Смотрела на ветку, как только просыпалась, подвигала к свету, к солнцу, а то вдруг пугалась, что слишком жарко, что почки высохнут, и ставила стакан с веточкой в тень…

…Никогда раньше Марина Сергеевна не замечала, какой день длинный. С утра лечебные процедуры еще отнимали время, а после обеда начиналась тоска. Не могла же она все время читать. Ей советовали больше быть в движении, гулять, даже танцевать, если хочет, и ходить, обязательно ходить и ходить. А с кем? Одной?

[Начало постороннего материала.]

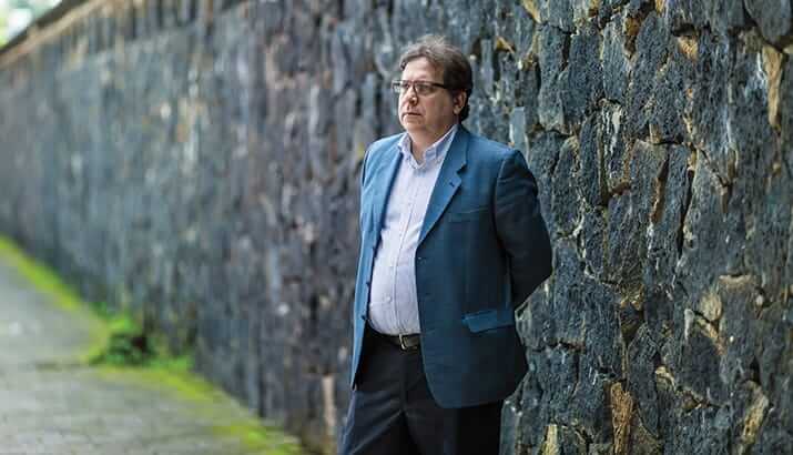 Este hombre alto con el cabello cano de 48 años de edad, viste camisa azul, corbata y lentes de pasta que le dan ese aire intelectual. Ha puesto su iPhone sobre la mesa y juega con una pluma fuente en la mano de manera desinteresada.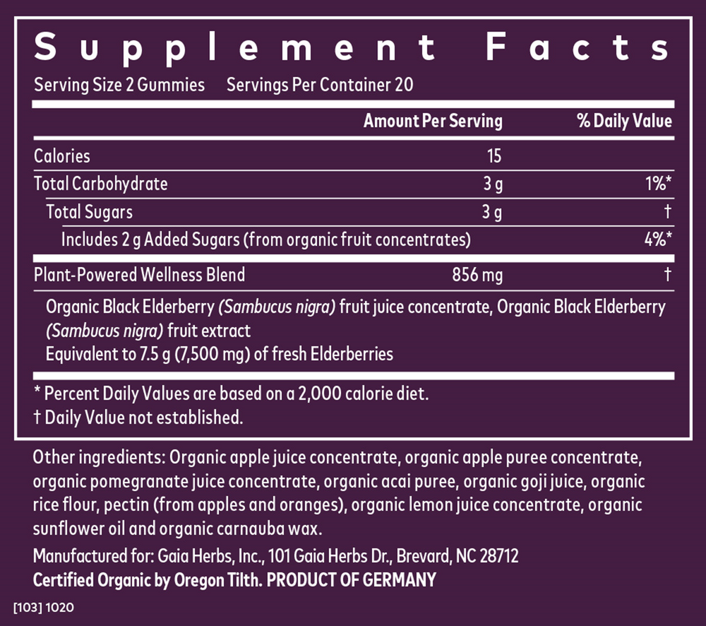 Provides antioxidant and vitamin-rich support from real Elderberries

Она не очень-то привыкла бывать одна.

В детстве она жила, как дикий цветок под дождем и солнцем, между матерью, готовой горло перегрызть всякому, кто обидит девочку, и взбалмошным отцом. Когда подросла, отбоя не было от друзей, — такой она была веселой, смелой, яркой девушкой, затем пришла слава, когда ее фамилию знал любой пионер… В войну ее окружали однополчане, свои ребята, своя братва, и после войны она еще долго была знаменита, имела влияние, вес и когда появлялась где-нибудь, то улавливала шелест: «Та самая?» — и горделивый ответ: «Ну конечно, это она». Знакомством с ней хвалились, именем ее пользовались, нуждались в ее помощи. Она привыкла, что всегда и всюду ее окружают люди, привыкла жаловаться на занятость, мол, «не продохнуть», — ее куда-то звали, умоляли приехать, где-то она заседала и присутствовала, знакомые вваливались к ней толпой, ели у нее, пили, ночевали. Она только просила с улыбкой, шепотом: «Вы уж, пожалуйста, угодите маме. Мама у нас любит почести».

Гости старались подольститься к матери, хотя Марина Сергеевна и сама немножко любила лесть: просто привыкла к тому, что перед ней восторженно заискивают. Ей нравилось быть доброй, кому-то звонить, чем-то возмущаться, за кого-то просить. Приятно делать добро, ведь не для себя просила.

Ну а годы шли, и, как-то оглянувшись, она увидела, что шуму вокруг нее стало вроде поменьше. И народ вертится около какой-то пустой: чьи-то брошенные жены, генеральские вдовы, какие-то неудачливые, полные фанаберии очеркисты, немолодой певец, все еще ждущий удачи.